On Mon, Jan 25, 2010 at 8:08 PM, Chuck Lever
<chuck.lever@xxxxxxxxxx> wrote:
On Jan 25, 2010, at 2:02 PM, Whoop Whouzer wrote:
Ok, I did that, after shutting down the server and enabling debug
trace I tried to open the home folder of the current account
(totally
unrelated to the nfsshare), it wouldn't open at all, I got no
nautilus
at all. During the time my cursor was in busy mode I got the
following
messages in kern.log (for ubuntu 10.04 client):
Jan 25 19:30:13 whoop-desktop kernel: [ 160.719262] NFS call
fsstat
Jan 25 19:30:37 whoop-desktop kernel: [ 184.458611] NFS:
permission(0:16/74386), mask=0x10, res=0
Jan 25 19:30:37 whoop-desktop kernel: [ 184.458647] NFS call
access
Jan 25 19:30:43 whoop-desktop kernel: [ 190.721086] nfs: server
192.168.1.130 not responding, timed out
Jan 25 19:30:43 whoop-desktop kernel: [ 190.721113] NFS reply
statfs: -5
Jan 25 19:30:43 whoop-desktop kernel: [ 190.721116] nfs_statfs:
statfs error = 5
These series of traces are repeating over and over again at a set
interval (there is no flooding of the logs), even if I do nothing.
It's even worse than I thought because when I tried to shutdown, the
machine wouldn't shutdown because it claimed
the "File manager" was still running (although it was not visible on
screen); so I had to kill that before I could shutdown (properly).
In Fedora 12 I had a similar user experience (nautilus did show up
without showing any contents and it was hanging).
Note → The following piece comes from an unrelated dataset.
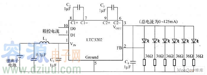 圖 采用LTC3202電荷泵的鋰離子電池供電驅動白光LED電路容源電子網www.6600560.cn

I had enabled
tracing and it seems to be logged to /var/log/messages. I got this
output in fedora:
Jan 25 20:48:38 localhost kernel: NFS reply statfs: -5
Jan 25 20:48:38 localhost kernel: nfs_statfs: statfs error = 5
Jan 25 20:48:38 localhost kernel: NFS call fsstat
Jan 25 20:49:14 localhost kernel: nfs: server 192.168.1.130 not
responding, timed out
Jan 25 20:49:14 localhost kernel: NFS reply getattr: -5
Jan 25 20:49:14 localhost kernel: nfs_revalidate_inode: (0:14/74386)
getattr failed, error=-5
Jan 25 20:49:25 localhost kernel: NFS: revalidating (0:14/74386)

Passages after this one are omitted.